La quasi totalità delle loro esternazioni, infatti, si poggiano su nozioni mediche e biologiche che la gente a cui sono dirette non ha gli strumenti per decriptare. E ciò non è mai un bene perché «se tutto si riduce alle pratiche ‘magiche’ per l’avvento del mondo nuovo, il problema metafisico esistenziale della verità-in-sé e del bene-in-sé viene eluso» (F. Gianfranceschi, Il sistema delle menzogne, Milano, Rusconi, 1977).
È quel che accade quando un regime a base ideologica ‒ oggi sanitaria ‒ sviluppa speciali tecniche ‒ lo scientismo ‒ per non far conoscere i fatti della storia provando a distruggere la memoria dei popoli mediante la falsificazione delle fonti e dei documenti che permettono agli uomini di ricostruire la loro vera identità e scoprire, quindi, la loro reale missione.
Ciò si verifica quando, come di questi tempi, vige il divieto di far domande: sull’altare del distanziamento sociale il settarismo medico-sanitario ha sostituito quello gnostico eliminando anche le occasioni concrete possibili ‒ convegni, conferenze, dibattiti, semplici cene di Natale ‒ che potrebbero spingere l’uomo a porre domande ‘imbarazzanti’ sulla verità o sulla falsità impedendo, così, lo sviluppo della coscienza critica e incoraggiandone l’alienazione.
Una di queste domande è se la realtà fattuale imposta in questi mesi di geopandemia sia mossa dalla buona o dalla cattiva fede: questione esiziale poiché, nel secondo caso, potrebbe anche succedere che le verità supposte celino invece «menzogne rivelate come tali solo quando l’iniziato sarà disposto psicologicamente e moralmente ad accertarle» (L. De Poncins, Christianisme et Franc-Maçonnerie, Versailles, L’Ordre Français, 1969).

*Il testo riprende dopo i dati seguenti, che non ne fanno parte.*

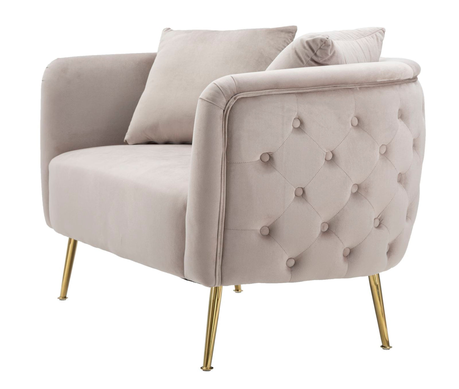 Le gambe in metallo sono caratterizzate da un'elegante finitura color oro, conferendo al divano un tocco di glamour e un aspetto moderno.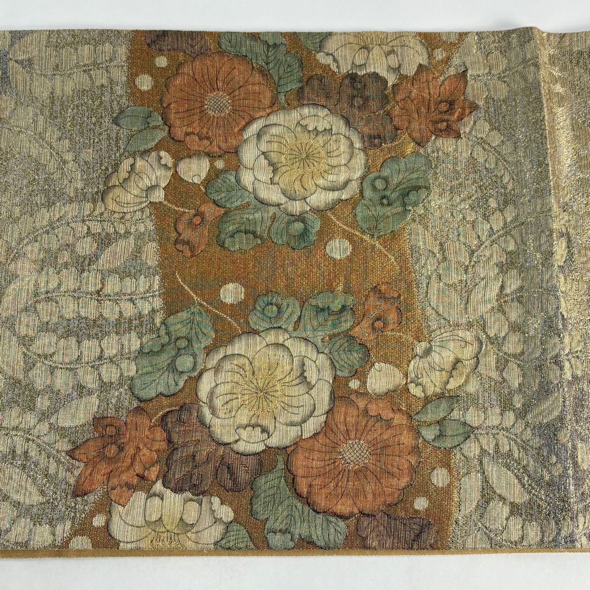 30%OFF 袋帯 秀品 梅 霞 箔 黄土色 六通 正絹 K30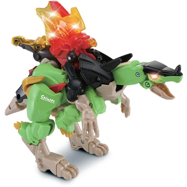 Switch & Go Dinos Combo – Spinops, le super spinosaure 2 en 1 – 4 ans + Un super spinosaure et son armure à assembler et animer ! Un tricératops articulé et une moto à combiner pour créer une toute nouvelle espèce de dinosaure avec une super armure lumineuse ! Deux modes de jeu : mode Dino et mode Dino Armure. Chaque mode se déclenche automatiquement lorsque la transformation est effectuée. Le bouton Action sur le dos du tricératops déclenche des effets sonores et lumineux. En mode Dino Armure, le bouton permet d’illuminer la voile dorsale du Spinosaure pour des effets lumineux encore plus spectaculaires ! La queue du dinosaure se déplace pour articuler la tête et donner vie à Spinops. Plus de 50 phrases et effets sonores réalistes. Arrêt automatique et réglage du volume sonore. Fonctionne avec 1 pile LR6 fournie.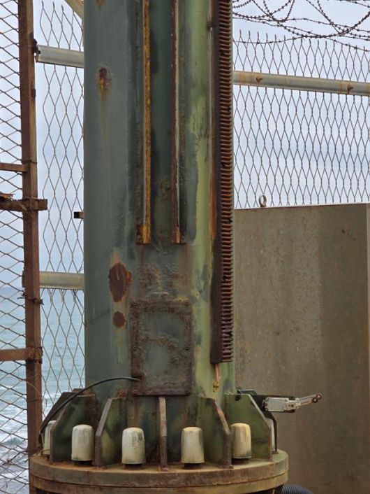 경북 포항시 북구 청하면 이가리 바닷가에 설치된 군부대의 열상감시장비(TOD) 거치대 철제 기둥과 레일에 잔뜩 녹이 슬어 있고, 기어 일부는 파손돼 있다. A사의 랙기어 방식인 이 거치대는 2021년 포항시 기부채납으로 설치됐다. 독자 제공 |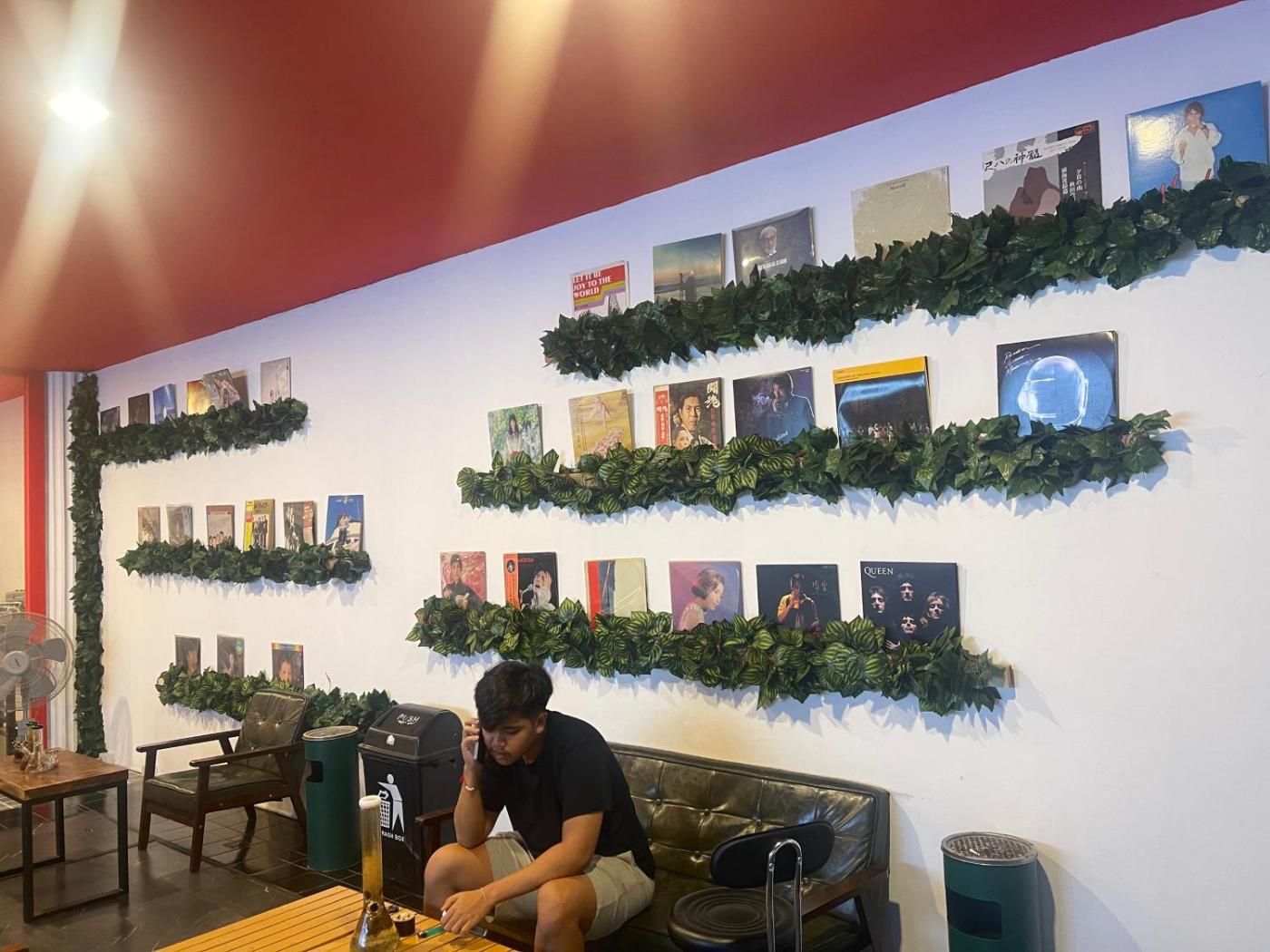 There is a coffee shop and bar.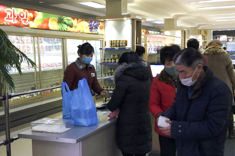 FILE – People in face masks seen in a supermarket at the Munsu-dong diplomatic compound amid an outbreak of the COVID-19 in 2019. [YONHAP]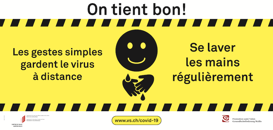 La campagne orchestrée par l’État du Valais et Promotion Santé Valais sert à rappeler les gestes-barrières à la population valaisanne.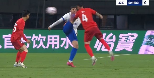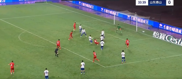 上半場(chǎng)補(bǔ)時(shí)第10分鐘,泰山隊(duì)扳回一球,陳蒲底線前傳球,卡扎伊什維利停下皮球后轉(zhuǎn)身打門得手,山東泰山1-3落后梅州客家。↓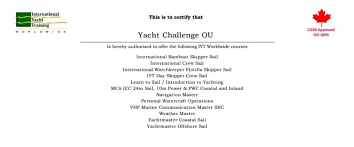 Инструктор IYT до уровня Yachtmaster Offshore Sail & Power. Сертификат STCW.
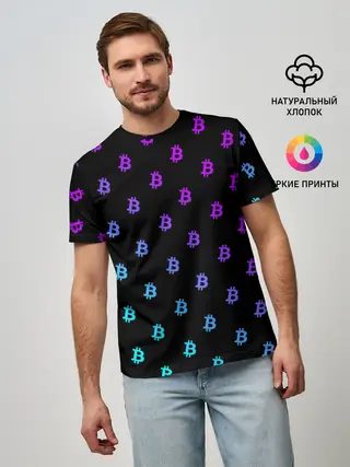 Мужская базовая футболка / БИТКОИН НЕОН |BITCOIN NEON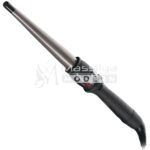 Featuring a tapered barrel from 25mm to 13mm, this curling iron offers endless styling possibilities, from natural curls to delicate waves. The Titanium-Tourmaline technology delivers professional results while protecting hair and enhancing its shine. Featuring precise temperature control (110°C to 190°C) and a stay-cool tip, it ensures safe and effortless styling. Its ergonomic design and included accessories, such as protective gloves, make it the perfect tool for achieving glamorous or natural looks.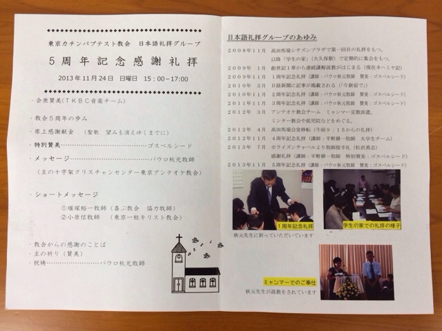 5周年記念礼拝のプログラムには、ミャンマーチームのことなども書かれています。

Non sorprende, dunque, che la sfida geopandemica farà sì che nell’era della post-globalizzazione «la conflittualità non si manifesterà solo nella vecchia dimensione spaziale/istituzionale, ma anche attraverso una verticalizzazione delle contrapposizioni all’interno di ogni singola realtà statuale» (S. Santangelo, Geopandemia, Roma, Castelvecchi, 2020).
E, soprattutto, che tal contrapposizione trascenda gli stessi confini statuali in considerazione del fatto che lo Stato ‒ quello tradizionalmente inteso sacrificato sull’altare delle organizzazioni internazionali ‒ pare ormai già da tempo superato dallo stesso mondialismo e dal connesso neoliberismo.